What the exercise asks: Please copy exactly the part of the records below that opens with the line containing "校領導高度重視畢業(yè)生" and closes with the line containing "數(shù)據(jù)顯示,2022年,全國城鎮(zhè", leaving out any pictures.

Supplied information Block Start

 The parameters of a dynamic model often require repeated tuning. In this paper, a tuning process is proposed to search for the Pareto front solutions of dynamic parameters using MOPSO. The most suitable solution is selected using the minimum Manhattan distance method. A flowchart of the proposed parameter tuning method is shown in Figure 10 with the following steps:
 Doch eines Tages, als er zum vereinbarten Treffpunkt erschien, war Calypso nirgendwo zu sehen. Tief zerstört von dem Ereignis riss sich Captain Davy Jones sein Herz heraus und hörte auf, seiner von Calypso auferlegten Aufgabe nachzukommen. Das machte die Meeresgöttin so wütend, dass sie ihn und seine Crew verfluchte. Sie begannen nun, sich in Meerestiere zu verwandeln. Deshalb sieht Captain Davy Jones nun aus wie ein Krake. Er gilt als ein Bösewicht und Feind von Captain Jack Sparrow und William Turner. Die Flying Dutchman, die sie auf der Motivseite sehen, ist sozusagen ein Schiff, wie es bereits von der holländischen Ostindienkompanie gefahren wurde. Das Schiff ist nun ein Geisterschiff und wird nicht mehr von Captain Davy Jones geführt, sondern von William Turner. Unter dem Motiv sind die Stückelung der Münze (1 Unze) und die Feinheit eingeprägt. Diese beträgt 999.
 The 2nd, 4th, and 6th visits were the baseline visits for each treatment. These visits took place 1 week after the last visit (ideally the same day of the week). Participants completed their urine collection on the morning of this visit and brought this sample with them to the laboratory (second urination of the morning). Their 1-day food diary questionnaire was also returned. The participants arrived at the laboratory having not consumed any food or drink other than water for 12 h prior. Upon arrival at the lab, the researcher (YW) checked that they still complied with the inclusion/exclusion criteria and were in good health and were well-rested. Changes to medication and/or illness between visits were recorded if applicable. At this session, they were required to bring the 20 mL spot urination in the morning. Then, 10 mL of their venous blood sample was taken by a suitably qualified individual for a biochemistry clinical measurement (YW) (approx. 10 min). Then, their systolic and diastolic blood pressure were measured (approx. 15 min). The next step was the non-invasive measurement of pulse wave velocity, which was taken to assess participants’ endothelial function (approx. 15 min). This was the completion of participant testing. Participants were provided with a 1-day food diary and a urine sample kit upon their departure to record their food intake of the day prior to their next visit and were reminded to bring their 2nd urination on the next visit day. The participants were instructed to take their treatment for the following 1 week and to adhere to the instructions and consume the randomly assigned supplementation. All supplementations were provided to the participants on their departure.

Supplied information Block End
Supplied information Block Start

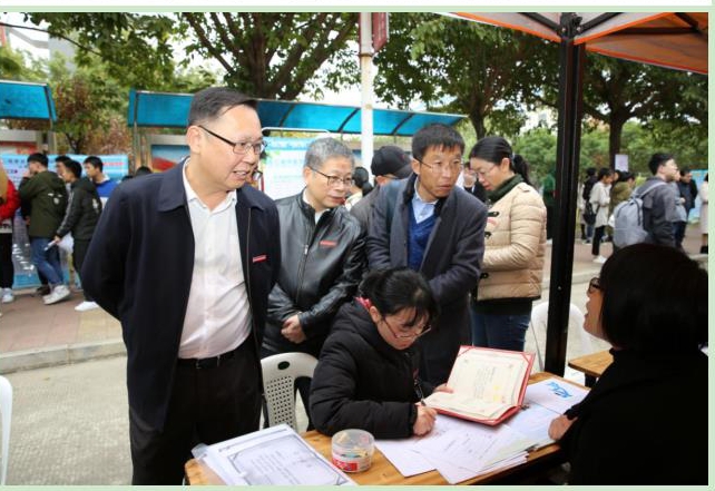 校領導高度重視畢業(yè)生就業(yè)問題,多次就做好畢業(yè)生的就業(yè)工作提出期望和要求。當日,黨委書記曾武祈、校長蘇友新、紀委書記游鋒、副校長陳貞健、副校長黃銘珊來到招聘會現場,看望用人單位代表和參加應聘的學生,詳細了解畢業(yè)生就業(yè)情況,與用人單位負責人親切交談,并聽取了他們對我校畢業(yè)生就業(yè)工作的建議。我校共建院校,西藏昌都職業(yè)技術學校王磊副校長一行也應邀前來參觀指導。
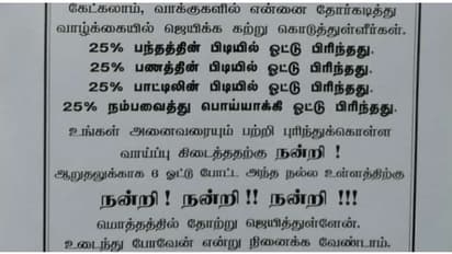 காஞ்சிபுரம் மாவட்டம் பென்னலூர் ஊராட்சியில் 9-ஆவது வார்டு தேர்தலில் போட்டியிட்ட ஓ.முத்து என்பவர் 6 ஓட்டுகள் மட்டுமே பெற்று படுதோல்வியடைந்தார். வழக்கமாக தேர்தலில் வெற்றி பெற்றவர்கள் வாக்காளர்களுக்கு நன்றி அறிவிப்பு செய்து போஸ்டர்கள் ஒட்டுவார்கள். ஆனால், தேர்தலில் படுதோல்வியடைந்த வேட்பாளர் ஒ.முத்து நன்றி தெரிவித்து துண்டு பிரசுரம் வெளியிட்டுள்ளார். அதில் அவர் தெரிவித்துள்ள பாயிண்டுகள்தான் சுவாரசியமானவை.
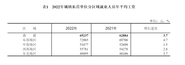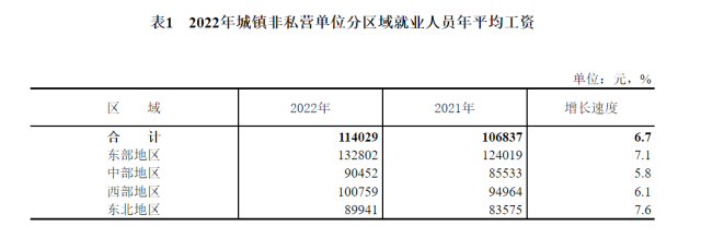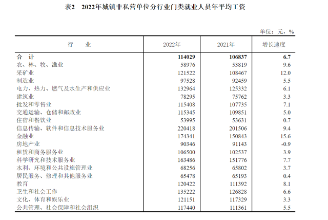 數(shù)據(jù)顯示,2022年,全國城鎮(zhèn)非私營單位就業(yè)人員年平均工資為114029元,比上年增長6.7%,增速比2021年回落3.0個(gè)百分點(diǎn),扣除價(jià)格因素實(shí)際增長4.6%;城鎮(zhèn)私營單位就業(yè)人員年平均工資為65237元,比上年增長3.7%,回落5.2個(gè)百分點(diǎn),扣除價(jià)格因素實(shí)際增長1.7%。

Supplied information Block End

Response to the task:
 校領導高度重視畢業(yè)生就業(yè)問題,多次就做好畢業(yè)生的就業(yè)工作提出期望和要求。當日,黨委書記曾武祈、校長蘇友新、紀委書記游鋒、副校長陳貞健、副校長黃銘珊來到招聘會現場,看望用人單位代表和參加應聘的學生,詳細了解畢業(yè)生就業(yè)情況,與用人單位負責人親切交談,并聽取了他們對我校畢業(yè)生就業(yè)工作的建議。我校共建院校,西藏昌都職業(yè)技術學校王磊副校長一行也應邀前來參觀指導。
 காஞ்சிபுரம் மாவட்டம் பென்னலூர் ஊராட்சியில் 9-ஆவது வார்டு தேர்தலில் போட்டியிட்ட ஓ.முத்து என்பவர் 6 ஓட்டுகள் மட்டுமே பெற்று படுதோல்வியடைந்தார். வழக்கமாக தேர்தலில் வெற்றி பெற்றவர்கள் வாக்காளர்களுக்கு நன்றி அறிவிப்பு செய்து போஸ்டர்கள் ஒட்டுவார்கள். ஆனால், தேர்தலில் படுதோல்வியடைந்த வேட்பாளர் ஒ.முத்து நன்றி தெரிவித்து துண்டு பிரசுரம் வெளியிட்டுள்ளார். அதில் அவர் தெரிவித்துள்ள பாயிண்டுகள்தான் சுவாரசியமானவை.
 數(shù)據(jù)顯示,2022年,全國城鎮(zhèn)非私營單位就業(yè)人員年平均工資為114029元,比上年增長6.7%,增速比2021年回落3.0個(gè)百分點(diǎn),扣除價(jià)格因素實(shí)際增長4.6%;城鎮(zhèn)私營單位就業(yè)人員年平均工資為65237元,比上年增長3.7%,回落5.2個(gè)百分點(diǎn),扣除價(jià)格因素實(shí)際增長1.7%。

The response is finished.